I am new to the stock world and plan to invest. To begin ,I started with subscribing to Equitymaster's 5 minute wrapups and other material. But lately, I see a lot of mails regarding small caps specially the Varthur Hobli mails. To be honest, this is very annoying. The deluge of the EM mails claiming to have found gems in the small cap segment seems like loud attempts to garner increased sales rather than keeping investor interest a priority. It is more like seeking promotion and support for EM team instead of bringing out any real value to the reader. Frankly, they are fit to be spammed.

Instead of all the self praise and attempts to glorify team members' work which I feel is more of a stroke of luck(reading comments of existing subscribers), if the team can send out one free recommendation and analysis/report, once a month, it would do a world of good to people who really want to go for your services. And if you are so good at what you claim to be, given hundreds of companies to choose from, that should not be difficult for you.

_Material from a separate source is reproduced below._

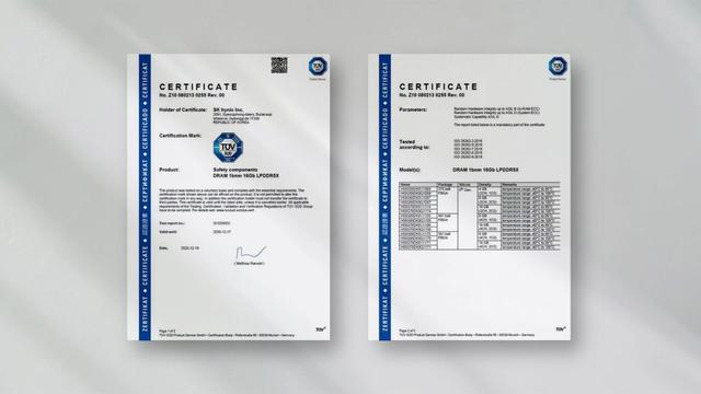 IT之家 1 月 19 日消息,SK 海力士今日宣布其车用 LPDDR5X DRAM 内存产品获得了 TÜV SÜD(TÜV 南德意志)颁发的 ISO 26262 汽车安全性最高等级 ASIL-D 认证。

Frankly, your mails are like copies of myriads of mails sent by online fortune tellers who claim to know your past and read your future which they will share with you happily for a small sum.

Like (2)

RAJKUMAR S D

Mar 16, 2016

Debt is absolutely necessary for the present corporate to function, expand and diversify. But debt utilisation should be under constant watch of lenders to ensure its timely repayment with reasonable return on loans. At any point of time if lenders feel that company is indebted with excess amount than its capacity to service and there are indications for diversion of debt for irrelevant purpose, the lender should immediately raise the alarming signal and initiate remedial measures to protect its debt and also to maintain the solvency of debtors. In the present arena of global business with increasing cost of doing the business as well as to service equity better, debt is absolutely necessary but its limit should be fixed by the lenders by drawing accurate and perfect boundary lline.

Thanks with regards

RAJKUMAR S D

Like (2)

krishnamurthy

Mar 16, 2016

It is not the only corporate sectors are which made debt, the root cause is scam master doctorate ex-Pm of this unfortunate country lead the loot and debt companies. This he made in the name of opening economy to the industries and his political Hench men.The people whom he created are Ramalingaraju, Bujbal, A Raja, Marans, karuna, Maya, Lalu, Mulayam, virabhdra singh, Mally, Subratho roy, Chidu and his son, Many more chota politicians. Thai how he hold the Pm post for 10 years at the cost of poor people.